Forest plot for pooled sensitivity and specificity of Best‐Performing Models.
FIGURE 3.
SROC curve of Best‐Performing Models.
3.3. Heterogeneity Analysis
To examine the robustness of these pooled results, a leave‐one‐out sensitivity analysis was performed. The pooled sensitivity remained relatively stable, ranging between 0.80 and 0.86, regardless of which study was excluded. This indicates that no single study had an undue influence on the overall findings. However, heterogeneity assessments revealed that exclusion of the study by Sang et al. (2024) resulted in a substantial reduction in the Q statistic to 76.16, suggesting that this study contributed significantly to the observed heterogeneity. Conversely, removing the study by Wändell et al. (2025) slightly increased the between‐study variance, likely because the large sample size of this study helped to stabilise the overall meta‐analytic estimates.

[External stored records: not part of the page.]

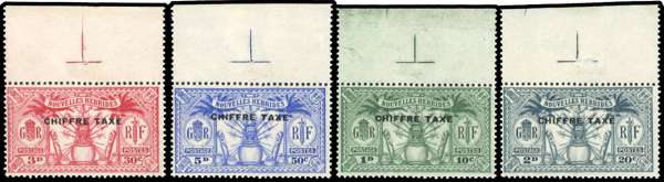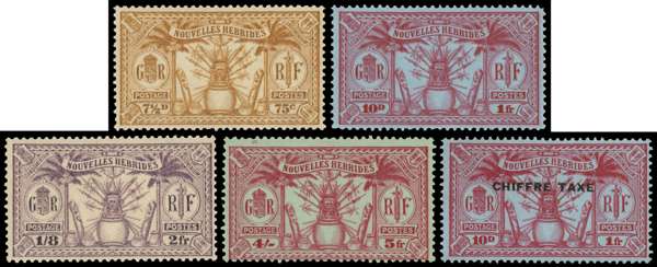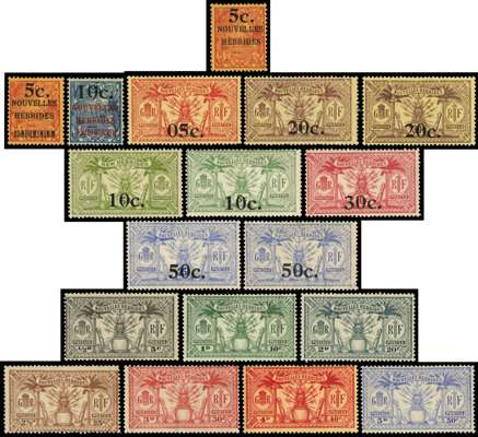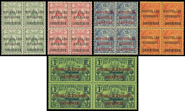 French Inscriptions. 1910-25 mint collection on stock pages, appears to be complete for period incl 1910-11 set of 5 in blocks of 4, 1913, set to 5f, 1920-21 surcharges (noted rare 5c on 50c without ‘CONDOMINIUM’ opt), and 1925 postage due set of 5, cond varies with some gum wrinkling, large part o.g. to o.g. with many unmounted o.g., an excellent basis for expansion. SG F6/F52, FD53/FD57, cat £1463. (69)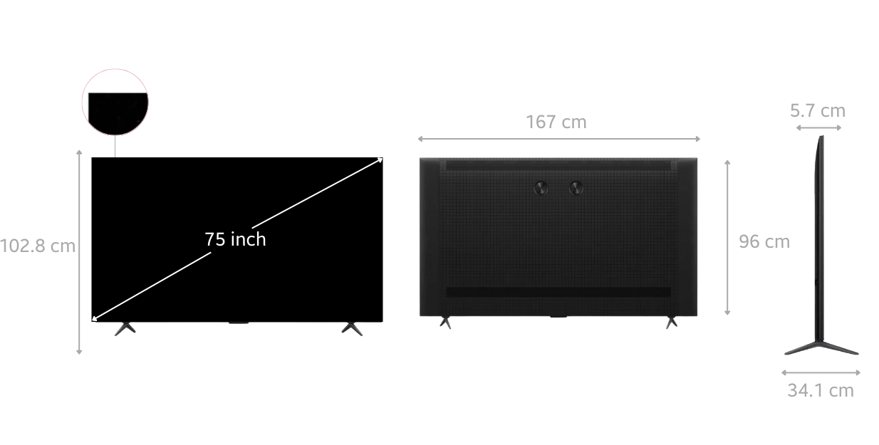 Đặc biệt, tivi có kích thước màn hình lên đến 75 inch, mang đến sự hiện diện mạnh mẽ, phù hợp với các không gian lớn. Ngoài ra, chân đế thiết kế cách điệu theo dạng chữ V, giữ thiết bị ổn định trên mặt phẳng.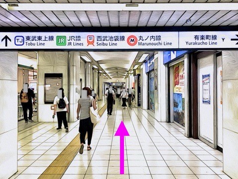 6番線が和光市方面行きホーム(8両編成:6号車4番扉/先頭から6両目、10両編成:8号車4番扉/先頭から8両目)
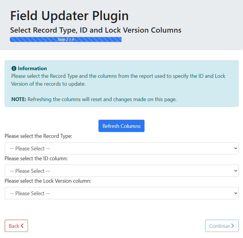 The next step is to identify which record type you’d like to update with this process, and in the next two dropdowns you’ll need to select the column from the report that refers to the record’s Id and Lock Version.

In an effort to explore potential sources of heterogeneity, meta‐regression analyses were conducted using algorithm type and country of origin as moderators. The meta‐regression examining algorithm type did not yield statistically significant results (p = 0.080), although the model explained a large portion of the variance (R 2 = 0.96). Similarly, meta‐regression using country of study as a moderator showed no significant association with sensitivity (p = 0.074), with the model accounting for 87% of variance (R 2 = 0.87). These findings suggest that neither the type of machine learning algorithm nor the country in which the study was conducted sufficiently explained the heterogeneity observed among the included studies.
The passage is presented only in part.